Dr. Winkenwerder reiterated that stance Monday, saying that while he has had no contact with UPMC since coming on board two years ago, he hopes a deal is still possible.
"We believe people should have the choice [for] UPMC physicians and hospitals" while keeping a Highmark plan, he said. "We believe they should be open to all plans ... their facilities are charitable institutions, [funded] with taxpayer dollars and with charitable contributions, and with premiums from Highmark members."
Other topics of discussion:
*--Highmark is expecting to be a $17 billion company, or close to it, when it gives its annual financial report later this year. Its 2012 revenues were just about $15 billion.
*--On the possibility of buying new hospitals or major practices for its Allegheny Health Network, Dr. Winkenwerder said that in Pennsylvania and West Virginia, "it is likely that [we] will be more focused on partnership rather than ownership of assets."

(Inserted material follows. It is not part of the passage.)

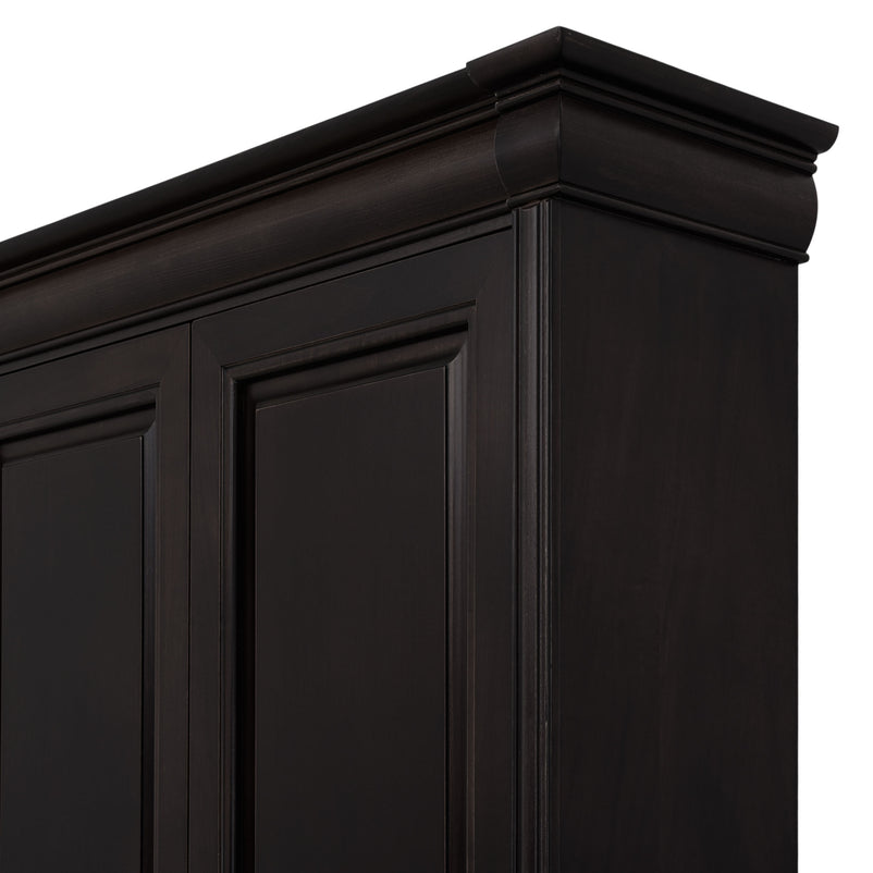 Ansamblu living Chocolate. Gama de mobilier Chocolate relevă sobrietate și eleganță, grație elementelor ce o definesc, rezultând forma clasicului francez fără vârstă. Ansamblul living se potrivește pentru a amenaja o cameră spațioasă. Realizată în linii clasice și decorată cu detalii fine, aceasta amenajează o zonă practică și bine organizată datorită spațiilor de depozitare, care oferă un spațiu generos pentru așezarea diferitelor decorațiuni sau obiecte. Cromatica este sobră, aducând decorului un aer rafinat. Utilizată ca produs independent, etajera necesită achiziționarea unui set de 2 pereți terminali. Într- o compoziție personalizată, cu mai multe etajere, este necesară achiziționarea de pereți intermediari și a unui set de 2 pereți terminali. Setul de pereți terminali are rol de stabilitate și aduce un plus de eleganță prin faptul că soclul și cornișa se continuă și pe lateral. Peretele intermediar are rol de legătură între două etajere, la interiorul ansamblului.

*--Highmark's new business solutions subsidiary will focus on selling information technology platform access and other support functions to other insurers, primarily other Blue Cross Blue Shield insurers.
*--On UPMC's insistence that it would rather cut off all Highmark policyholders -- and the $2 billion worth of annual gross patient revenue that comes with them -- than negotiate a new contract with Highmark that might put UPMC facilities in a higher-cost plan, Dr. Winkenwerder called the stance "completely ridiculous. ... We believe that there would be financial harm to them [and] dislocation to patients" if UPMC locks out Highmark commercial members starting next year.
"We don't see the point in all that," he said. "We would like to work together."
Asked if Highmark's 95 percent retention rate among city workers seemed plausible, Joe King, head of International Association of Fire Fighters Local 1, said that he wasn't privy to specific percentages. But he acknowledged few of his members had switched plans.
"We had anticipated more, [but] people are reluctant to make a change," he said.
Mr. King also suggested that the retention rate figure is misleading because this year Highmark customers still have access to all UPMC hospitals, and there's no pressing reason to switch plans.
If Highmark and UPMC can't work things out, "I guarantee you there will a tremendous amount of people switching" plans in October, during the city's next open enrollment session, he said.
A spokesman for insurance provider Aetna, which owns HealthAmerica, could neither confirm nor dispute the Highmark figures.